Friday, April 8, 2022

The Insanely Difficult Standards of History's Hardest P.E. Program



In most modern high schools, P.E. is a complete blow-off class — something to take when you don’t play a sport, and have to fulfill a health/fitness-related elective. Participants often sit on the bleachers and talk, or half-heartedly play some basketball. 

There was a time in this country when P.E. was taken more seriously, however, and it reached its absolute apex at La Sierra High School in Carmichael, California.

During the 1950s and 60s, La Sierra boasted what was arguably the most rigorous P.E. program in the country, if not the world. The so-called “La Sierra System” was born in a time when World War II was over, the Cold War was still heating up, and prosperity and technological advancements were making life increasingly sedentary and comfortable. In this atmosphere, there existed a national concern over whether Americans were becoming too soft, overweight, and complacent to not only defend their country in war, but to vigorously meet the challenges of peace.

As President John F. Kennedy wrote in “The Soft American”:

physical fitness is not only one of the most important keys to a healthy body; it is the basis of dynamic and creative intellectual activity. . . . [We] know what the Greeks knew: that intelligence and skill can only function at the peak of their capacity when the body is healthy and strong; that hardy spirits and tough minds usually inhabit sound bodies.

In this sense, physical fitness is the basis of all the activities of our society. And if our bodies grow soft and inactive, if we fail to encourage physical development and prowess, we will undermine our capacity for thought, for work and for the use of those skills vital to an expanding and complex America.

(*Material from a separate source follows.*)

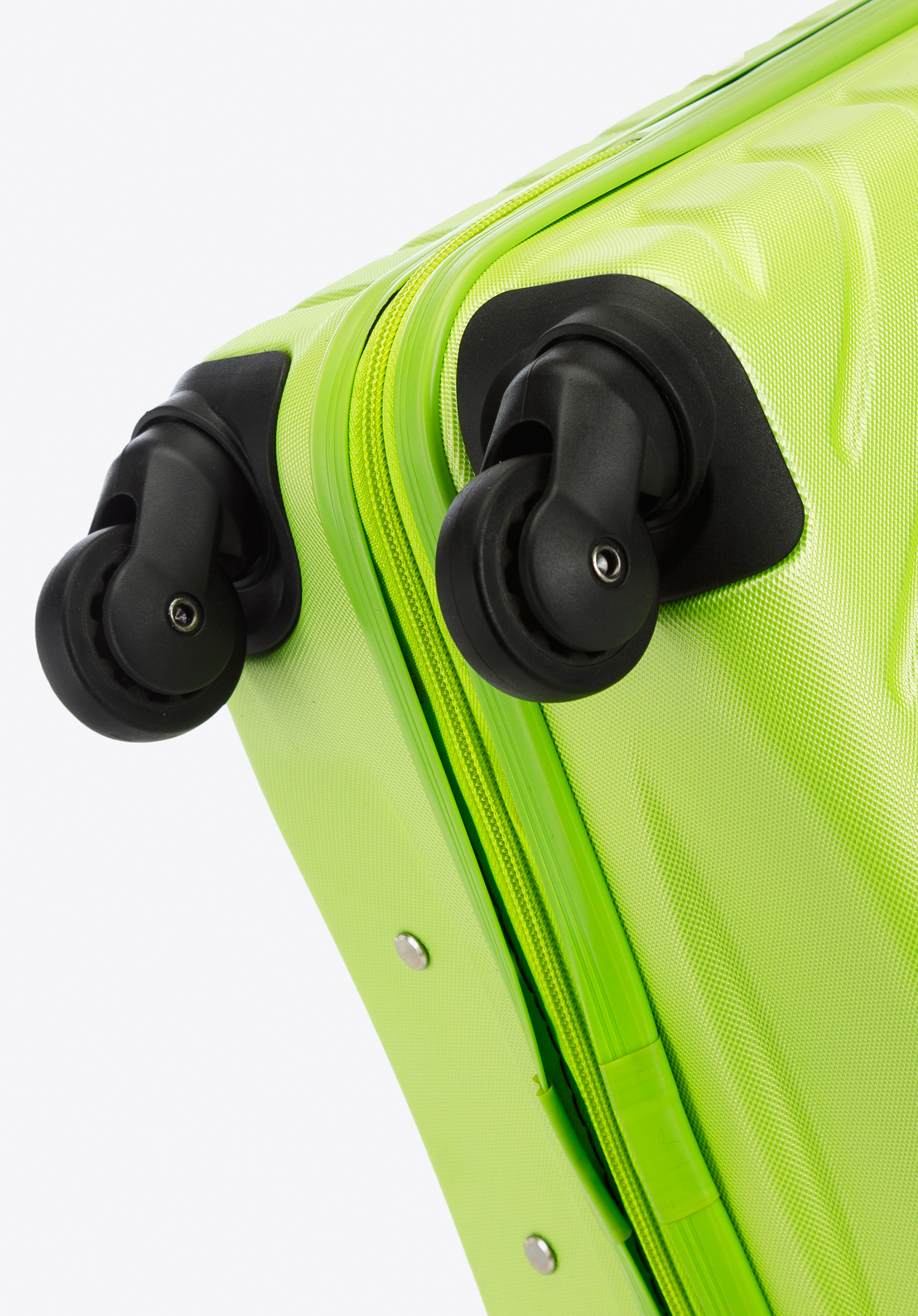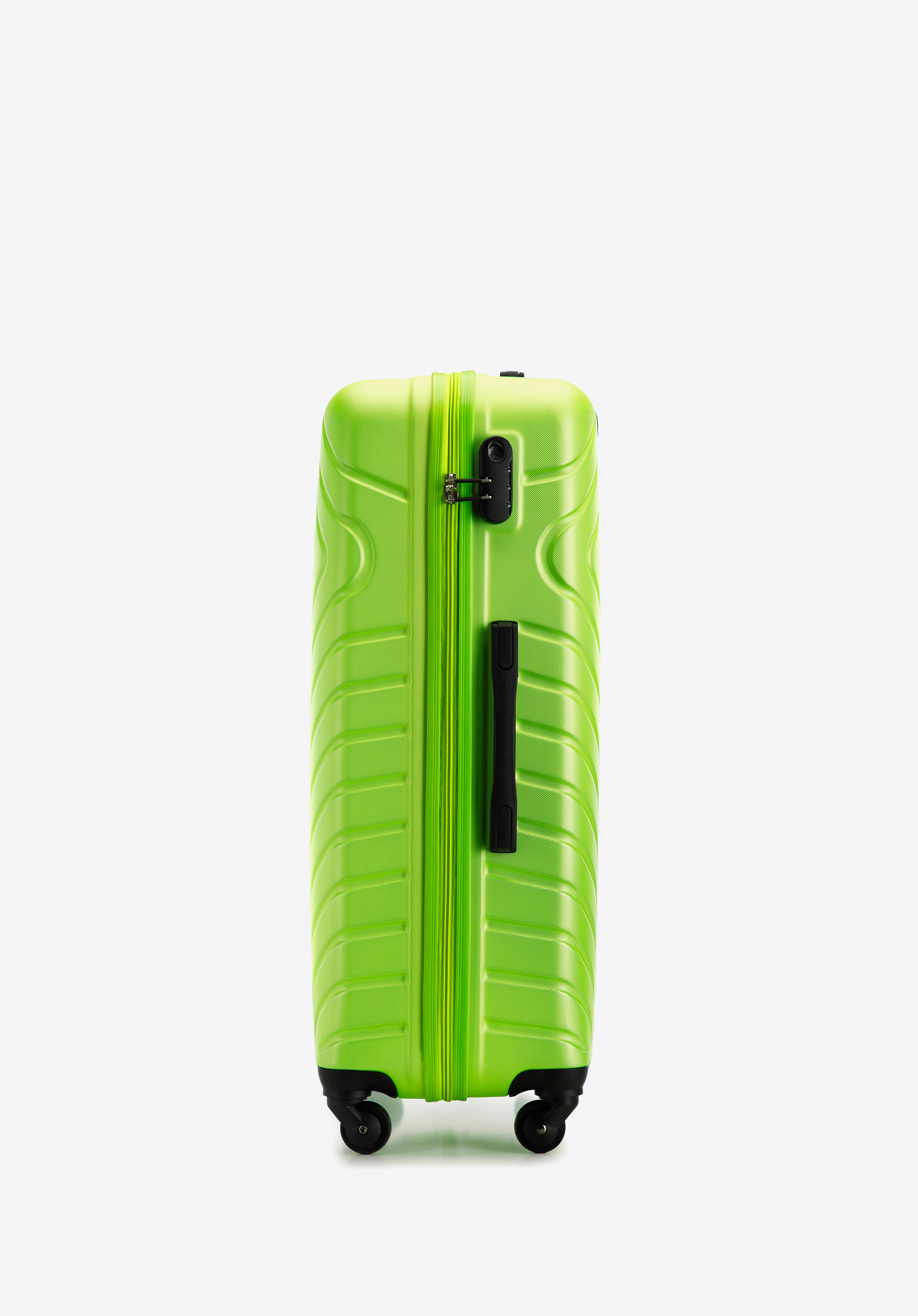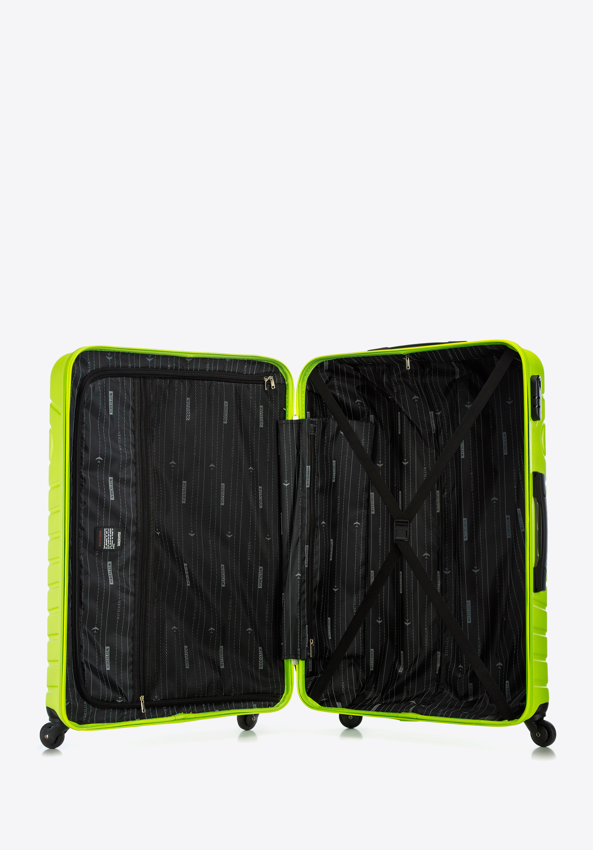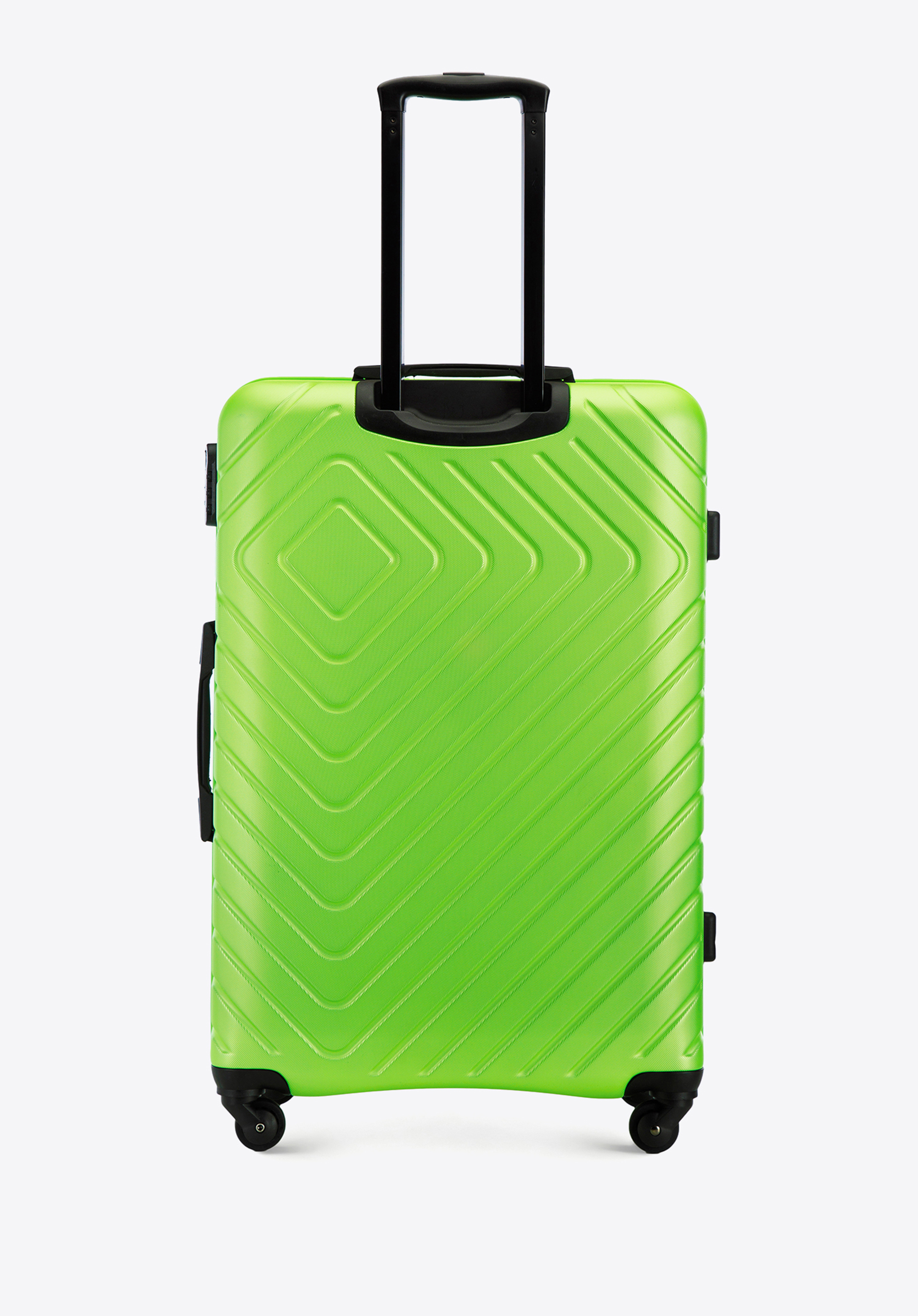 Ez a nagy bőrönd a tökéletes kiegészítő: praktikus és nagyon stílusos. Egyszerű, geometrikus dombornyomással díszített. A teleszkópos fogantyúnak és a négy szimpla keréknek köszönhetően kényelmes lesz haladni vele. Ez a modell érdekes textúrájú ABS-ből készült .Tágas, két részre osztható belsővel rendelkezik, amelybe könnyedén bepakolhat minden szükséges dolgot és rendet tarthat. A geometrikus dombornyomású ABS-ből készült nagy bőrönd sok-sok hosszú nyaraláshoz remek választás.
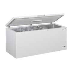 Arca congeladora horizontal com 600L de capacidade total, sistema de refrigeração estático e duas temperaturas de funcionamento. Inclui fechadura, alarme de temperatura e luz LED.

Thus the physical fitness of our citizens is a vital prerequisite to America’s realization of its full potential as a nation, and to the opportunity of each individual citizen to make full and fruitful use of his capacities.

To stem the physical deterioration of his fellow Americans and promote the idea of developing a sound mind, in a sound body,JFK utilized the President’s Council on Physical Fitness to reinvigorate physical education programs around the country, and looked to La Sierra as an example of what was possible in this line.

The first few minutes of the above video will give you a look at what some aspects of the La Sierra program were like.

The La Sierra System had been developed by WWII-veteran Stan LeProtti, who was inspired by the classical, “whole man” approach to fitness that had been championed by the ancient Greeks. LeProtti’s program sought to improve the strength, agility, balance, flexibility, power, and endurance — as well as the leadership qualities — of all the males in the student body, not just those relatively few boys who participated in organized athletics. The program not only incorporated physical exercise — a regimen that included an intense 12-minute calisthenic warm-up, sports, games, dance, combatives, gymnastics, running, aquatics, and off-the-ground work on various apparatuses like peg boards — but also involved regular meetings to talk about the philosophy — the why — behind it. Students were taught that the fitness routines in which they engaged not only built their bodies, but prepared their minds for learning and their spirits for tackling life’s setbacks. 

The “Philosophy” section of the La Sierra P.E. handbook includes both “Physical Fitness” and “Psychological Fitness” as two of the program’s goals, and lists the following among the aims of the latter:

Pupils are systematically and deliberately required to ‘go all out’ within their individual capacities in a number of physical development activities, thereby progressively raising endurance and tolerance of pain levels.Pupils develop a well-disciplined attitude toward the ‘hard work principle’ in terms of heavy, energy-output type activities.

When the producers of The Motivation Factor, a documentary about the La Sierra System, interviewed those who had gone through it in their youth, they reported that the program had delivered on just this desired effect — and that it stayed with them into adulthood; when these La Sierra grads had experienced challenges in later years, they returned to their P.E. experiences as a touchstone — a reminder that they were capable of doing hard things.